If that made no change, I'd be looking at the fuel pump..


----------



## tailchaser

First.. The squeaking is commonly reffered to as a "lean sneeze". If you're mechanically inclined take the carb off and clean it.  Also check all of your fuel lines and connections. Just because they're not leaking fuel doesn't mean they can't draw air through a leak. 

The carb doesn't need to be "synched" it's a single carb. Only motors with multiple carbs need to be synched. Id does, however need to have the correct air fuel mixture, check a manual to get the correct lean/rich screw adjustment, usually 2-3 turns out.

Clean the carb
Change the plugs 
Check the compression, if the motor's been run lean too long the steel ring keeper pins in the piston will swell and score the cylinder.. 

From the way it sounds, it's definately a fuel problem.  

If you want, Give me a call, I'll walk u through it. 
321-508-6154


----------



## rkmurphy

Thanks tailchaser. I brought it in to a mechanic (family friend) for this one. I was heading down the path you suggested until my future father-in-law insisted on having me taking it in on "don't worry about it ($)" circumstances.

It was only running lean when idling in my driveway for about 1.5 hours total, 40 minutes of cruising and WOT on a lake, and about the same (40 min) in the Venice ICW and right outside the inlet. Should I be concerned with scoring? Or is that not really enough hours put on her to be concerned about anything?


----------



## tailchaser

Na, don't worry about it. 
That little time usually doesn't do much damage.. I'm sure the mech. will do a compression test... That'll tell all.. If the cylinders are even and above 100 psi.. No worries.. 

I've had a tohatsu 40 that ran hot until it stopped, and it didn't do any major damage..


----------



## rkmurphy

Motor ran great today and, as far as I know, I solved my shift problem (thanks to a suggestion from AFA Marine). Motor ran and cruised great but I still notice a little squeak/chirp (lean sneeze I'm guessing) after running WOT. Should I adjust the carb slightly more on the rich side?

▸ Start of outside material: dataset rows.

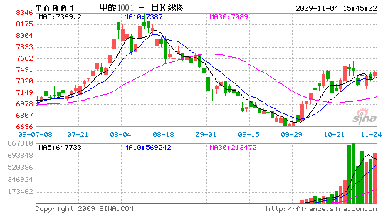 經歷過始于8月中旬的深幅調整,PTA于國慶節(jié)前跌至6590的低點后,逐步展現(xiàn)出企穩(wěn)跡象。節(jié)后第一個交易日,伴隨著持倉量的巨幅放大,PTA主力合約TA0912一舉發(fā)力拉出一根頗具氣勢的巨陽線,成為趨勢轉折的一個關鍵契機。在油價連創(chuàng)年內新高、PX價格震蕩上揚、PTA現(xiàn)貨氣氛不斷升溫、終端聚酯產品整體銷售持續(xù)走高量價同步跟進等眾多利好因素刺激下,PTA期貨表現(xiàn)強勁,一路扶搖直上,已然收復前期大部分跌幅。臨近10月底,主力合約移倉換月至TA1001,多頭勢力強勁,表現(xiàn)勢如破竹,期價一舉沖破60日均線的強壓力位。隨之期價開始反復測試60日均線處的支撐力度,在周邊市場的拖累下于高位維持振蕩。截至10月30日,主力合約TA1001報收于7408元,期價累計漲幅逾10%。
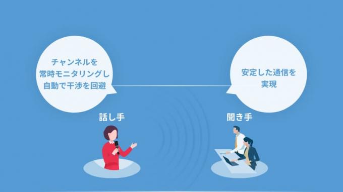 「他の電波を発する機器とかぶらない周波数帯を使う」これが電波干渉を避ける重要なポイントです。その点でWX-SR200Aシリーズが使用する「1.9GHz帯」は、他の機器の影響をうけにくく、かつチャンネル使用状況を常時モニタリングしているため、干渉が発生しても自動的に他チャンネルに切り替え、安定的な通信が可能です。
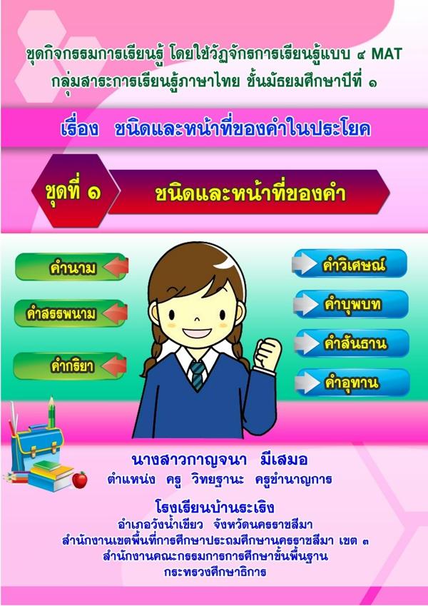 ชุดกิจกรรมการเรียนรู้แบบ 4MAT ภาษาไทย ม.1 เรื่อง ชนิดและหน้าที่ของคำในประโยค ผลงานครูกาญจนา มีเสมอ
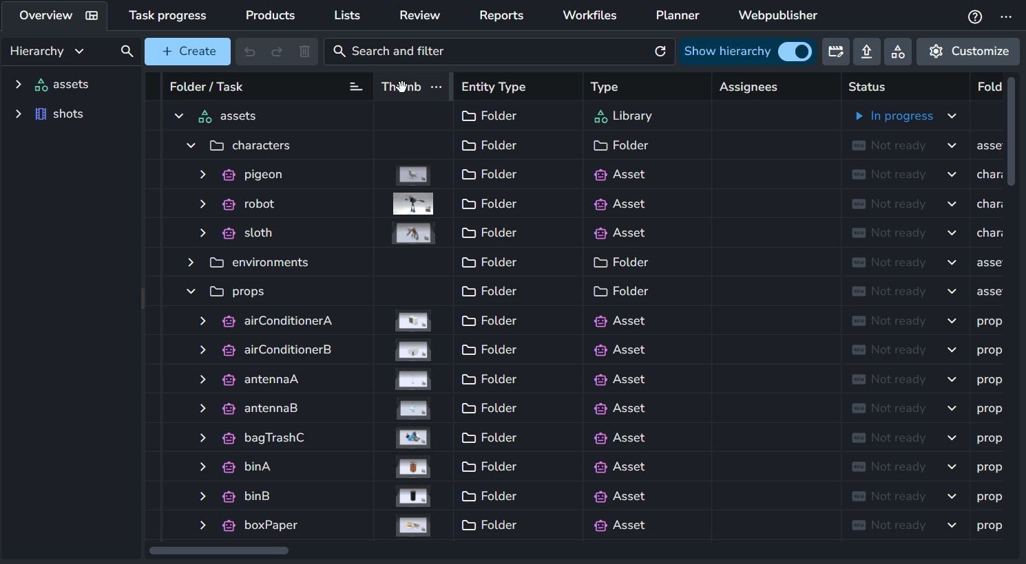 Folders and tasks are now much easier to identify at a glance. AYON now pulls the colors defined in your Project Anatomy for folder and task types and applies them to their respective projects.
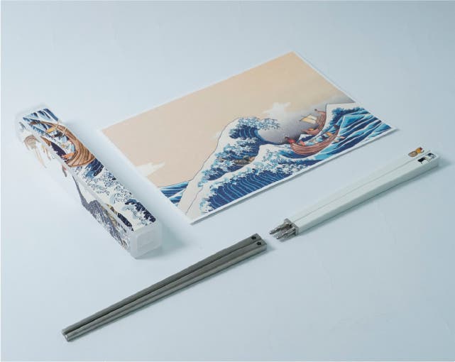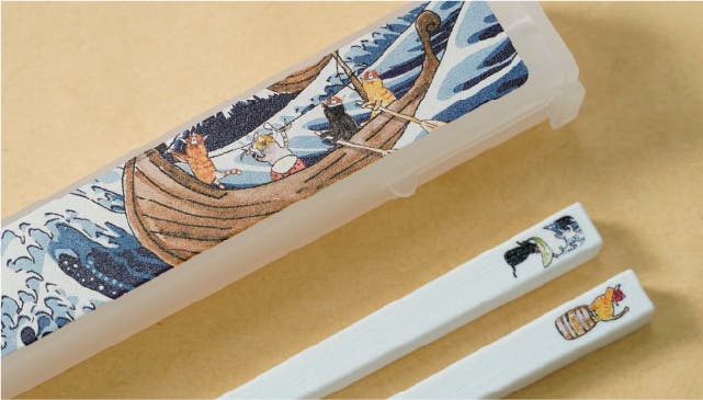 海外では「The Great Wave」と言われ、大人気な葛飾北斎の「神奈川沖浪裏」とかわいい猫がコラボした、特別なコラボ携帯箸もご用意しております。箸ケースと同デザインのポストカードも同梱されています。

Or just add an oz. of oil to the gas? (there's about 5 gal in there right now)


----------



## TomFL

> Motor ran great today and, as far as I know, I solved my shift problem (thanks to a suggestion from AFA Marine).  Motor ran and cruised great but I still notice a little squeak/chirp (lean sneeze I'm guessing) after running WOT.  Should I adjust the carb slightly more on the rich side?  Or just add an oz. of oil to the gas? (there's about 5 gal in there right now)


"Lean" refers to an air/fuel ratio problem (too much air). 

Adding oil changes the fuel/oil mix but won't change the lean condition (air/fuel) appreciably, and not in the direction you want to go. You should ALWAYS be measuring your gas/oil ratio religiously. 

Tune the carb! You want less air, more fuel, aka "richer". 

You can always try your local library, you'd be suprised at how many ooutboard repair manuals they have there, free of charge for you to borrow and learn from. 

Remember, always learn your mistakes on your buddy's motor, then work on yours once you know how not to blow them up.  

-T


----------



## rkmurphy

Ooooooooooooo! Stupid me! Haha that makes perfect sense! Well I added an ounce of oil but no big deal...I can squirt a little gas in. I'm as precise as possible with my mixture.

Then I will loosen the air/fuel screw on the carb just a tweak. A SMALL tweak. That should do 'er.

Thanks for the clarification. I dunno why I mixed it up. No pun intended...


----------



## easy

if after richening the carb it still has a chirp i would look at the recirculation system, i have worked on some of these that the recirc system gets clogged and no lubrication is making it up to the upper main bearing under the flywheel so it runs dry and makes a chirping sound. just something to look at.


----------



## rkmurphy

> if after richening the carb it still has a chirp i would look at the recirculation system, i have worked on some of these that the recirc system gets clogged and no lubrication is making it up to the upper main bearing under the flywheel so it runs dry and makes a chirping sound.  just something to look at.


What's the recirculation system? How would I look at that?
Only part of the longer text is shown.